Stored data:
════════

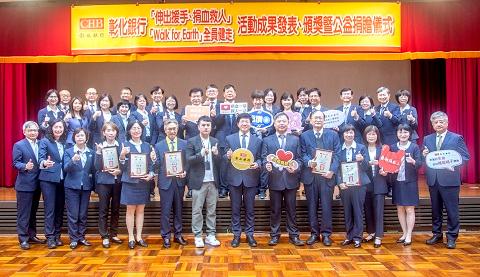 彰銀以具體行動力挺公益,促進社會共融,12月4日舉行職安捐血救人、全員健走成果發表及公益捐贈儀式,由董事長胡光華代表彰銀捐出10萬元公益金給「臺灣罕見血液病促進協會」,為促進臺灣罕見血液病學術及研究發展盡一份心力,同時彰銀透過walkii app實施全員健走減碳做環保,總步數逾18億步,約減少7.4萬公斤排碳量,並與「社團法人高雄市愛種樹協會」合作將種植120棵樹,透過行動落實環境永續。
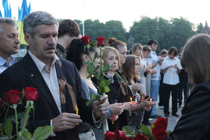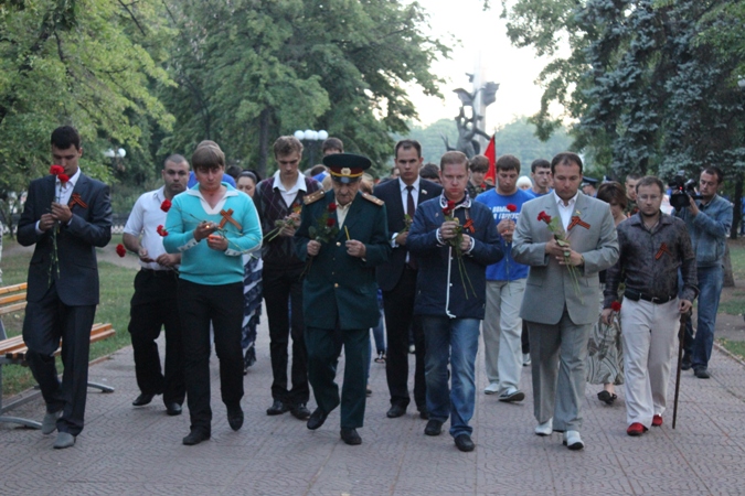 «Эта дата оставила неизгладимый след в истории нашей Родины, – убежден инициатор акции, депутат Луганского областного совета от ПАРТИИ РЕГИОНОВ, председатель ЛОО ВМОО «Молодые регионы» Олег Акимов. – Память о событиях той страшной войны, искалечившей судьбы миллионов людей, не может оставить равнодушным любого нормального человека. Ведь Великая Отечественная война коснулась каждого из нас в буквальном смысле слова. Не помня прошлого, не будем иметь будущего. Подвиг солдат, ставших на защиту нашей Родины, бессмертен. И в этот день мы в очередной раз повторяем: «Никто не забыт, ничто не забыто!»
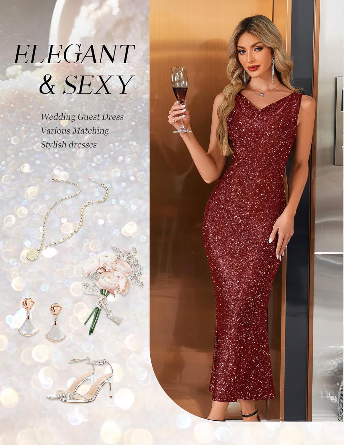 BeryLove Formal Sequin Homecoming Wedding Guest Cocktail Bodycon Prom Dresses

════════

Could the data above be repeated exactly, with every picture dropped?

Solution for this task:
 彰銀以具體行動力挺公益,促進社會共融,12月4日舉行職安捐血救人、全員健走成果發表及公益捐贈儀式,由董事長胡光華代表彰銀捐出10萬元公益金給「臺灣罕見血液病促進協會」,為促進臺灣罕見血液病學術及研究發展盡一份心力,同時彰銀透過walkii app實施全員健走減碳做環保,總步數逾18億步,約減少7.4萬公斤排碳量,並與「社團法人高雄市愛種樹協會」合作將種植120棵樹,透過行動落實環境永續。
 «Эта дата оставила неизгладимый след в истории нашей Родины, – убежден инициатор акции, депутат Луганского областного совета от ПАРТИИ РЕГИОНОВ, председатель ЛОО ВМОО «Молодые регионы» Олег Акимов. – Память о событиях той страшной войны, искалечившей судьбы миллионов людей, не может оставить равнодушным любого нормального человека. Ведь Великая Отечественная война коснулась каждого из нас в буквальном смысле слова. Не помня прошлого, не будем иметь будущего. Подвиг солдат, ставших на защиту нашей Родины, бессмертен. И в этот день мы в очередной раз повторяем: «Никто не забыт, ничто не забыто!»
 BeryLove Formal Sequin Homecoming Wedding Guest Cocktail Bodycon Prom Dresses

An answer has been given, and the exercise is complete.